Ethel (Dolly) Kibblewhite (1873–1947) was the host of an important artistic and literary salon in London in the 1910s. The salon was held at her home at 67 Frith Street and presided over by the poet and critic T.E. Hulme.

==Early life==
Born to Ethel Curtis, Kibblewhite was the oldest daughter of Thomas Figgis Curtis, a stained glass maker, and his wife Mary. Her sister, Dora Curtis, was also an artist. The two sisters studied drawing under Fred Brown, latterly at the Slade School of Art.

==Marriage==
Ethel married Gilbert Kibblewhite in London in 1900. They moved to Storrington in West Sussex where Gilbert became the manager of a dairy farm which his father had bought for him. The marriage was unsuccessful as Gilbert was unable to control his temper, causing Ethel to several times flee from him with their children Peter and Diana (later the lutanist Diana Poulton). On one occasion when they were separated, Gilbert arrived at his father in law's house at Rustington where Ethel had sought refuge from him and demanded to see her. Being denied, Gilbert burned down one of his father in law's outhouses along with the eight beehives stored inside. The marriage was effectively over by 1903 and Gilbert soon after left for Australia at the behest of his family. He returned during World War One with an Australian army regiment and he and Ethel met to discuss a divorce.

==Frith Street==
After the separation, Ethel Kibblewhite worked at the Royal School of Needlework. She lived at her father's house at 67 Frith Street, a Queen Anne house on the corner of Soho Square in London that had once been the Venetian embassy. Her father ran his business, Ward & Hughes, Ecclesiastical Stained Glass Manufacturers, from one floor of the house, the rest was family accommodation. Arnold Dolmetsch was a visitor to the house.

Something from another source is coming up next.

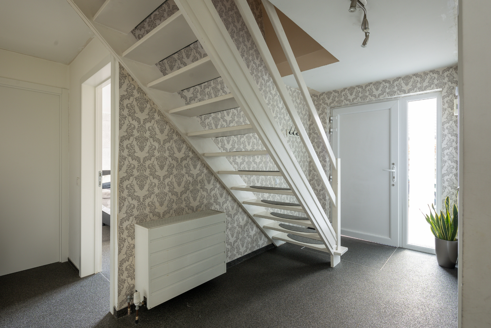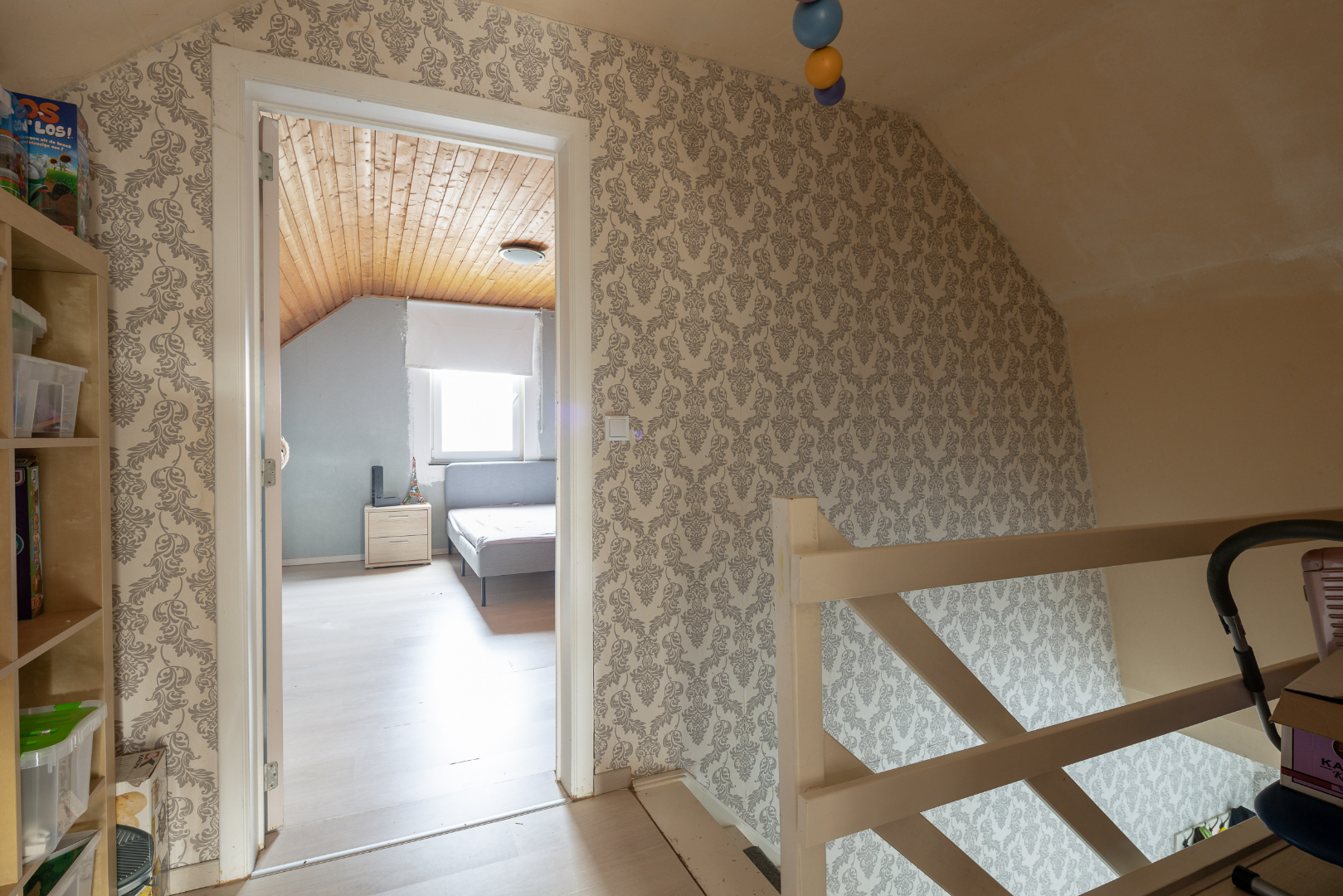 Eenmaal in de woning, is er toegang naar boven, naar de badkamer, naar slaapkamer 1 en 2 alsook naar een bergruimte en de open leefruimte.

From 1911, T.E. Hulme had a study of his own in the house. He and Kibblewhite became lovers and they spent the summers together at Rustington with the children but Hulme never lived at Frith Street and he never stopped chasing other women. From 1914, Hulme was in a relationship with the painter Kate Lechmere and latterly they regarded themselves as engaged as Hulme could not countenance marrying a divorcee (Kibblewhite was separated but not yet divorced) but Hulme was killed in action in 1917 before he could marry Lechmere. Hulme was careful not to let Kibblewhite know about Lechmere, though she was aware of Kibblewhite.

==The Salon==
The salon at Frith Street, presided over by T.E. Hulme, was attended by many of the important literary and artistic figures before the First World War. These included C.R.W. Nevinson, Jacob Epstein, J.C. Squire, Henri Gaudier-Brzeska, Rupert Brooke and others. From Gaudier-Brzeska, Kibblewhite acquired the small bronze Fish sculpture, now in the Tate Gallery. Gaudier-Brzeska asked Kibblewhite to keep the item in her handbag. He made a number of similar small items for friends including knuckledusters for T.E. Hulme. Kibblewhite was at Charing Cross Station when his friends said goodbye to Gaudier-Brzeska before he left for France where he was killed in action.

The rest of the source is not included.